Prove one to one using rank-nullity theorem

[Hwng10]

Homework Statement

Let V and W be finite dimensional vector spaces.Given dim(V)≤ dim(W)
, prove that there exists a one-to-one linear transformation T : V -> W .

Homework Equations

The Attempt at a Solution

What I want to prove here is to show that nullity=0
dim(V) ≤ dim (W)
dim(N(T)) + dim(R(T)) ≤ dim(W)

 

[HallsofIvy]

You can't prove that the nullity of T until after you have T! How are you defining T?

 

[Hwng10]

I really have no idea no how to prove this question . Do I need to prove it for general T or I just need to find an example which satisfies all the properties above ??

 

[HallsofIvy]

I suggest you go back and reread the problem! "prove that there exists"... First define an obvious linear transformation from V to W, then show that it is one-to-one.

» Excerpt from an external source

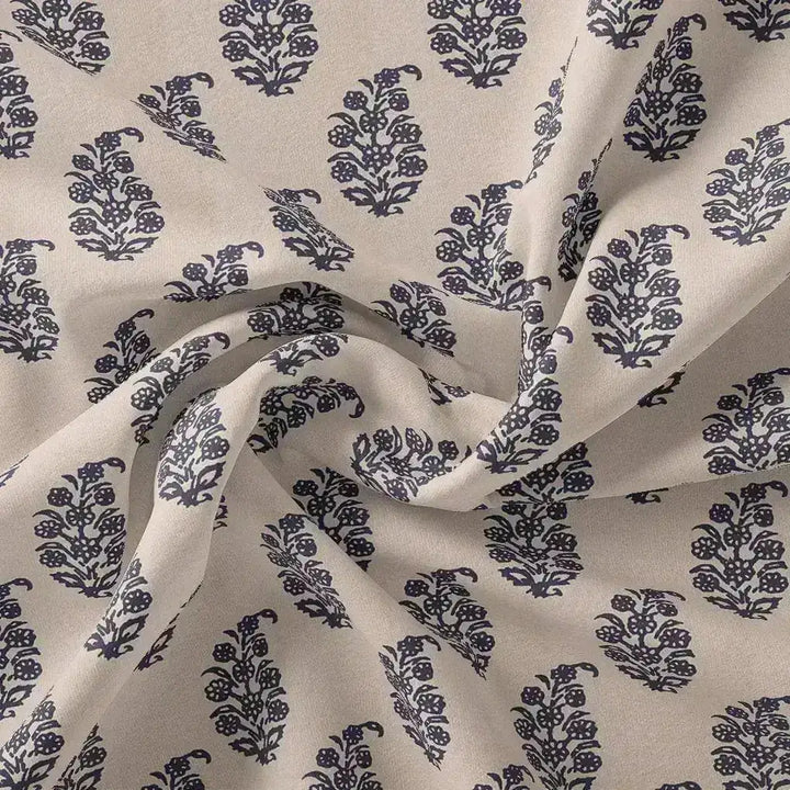 Block Print Motif Digital Printed Fabric - Tusser Silk

Here's a simple special case: suppose dim(V)= 2, dim(W)= 3. Then, choosing some basis for both V and W, you can write any vector in V as <x, y> and any vector in W as <a, b, c>. Okay, what can you say about T(<x, y>)= <x, y, 0>?

 

[Deveno]

I suggest you go back and reread the problem! "prove that there exists"... First define an obvious linear transformation from V to W, then show that it is one-to-one.

Here's a simple special case: suppose dim(V)= 2, dim(W)= 3. Then, choosing some basis for both V and W, you can write any vector in V as <x, y> and any vector in W as <a, b, c>. Okay, what can you say about T(<x, y>)= <x, y, 0>?

hint 2: if dim(V) = n, we have a basis {v₁,v₂,...,v_n}.

since dim(W) ≥ dim(V), what can you say about any basis of W?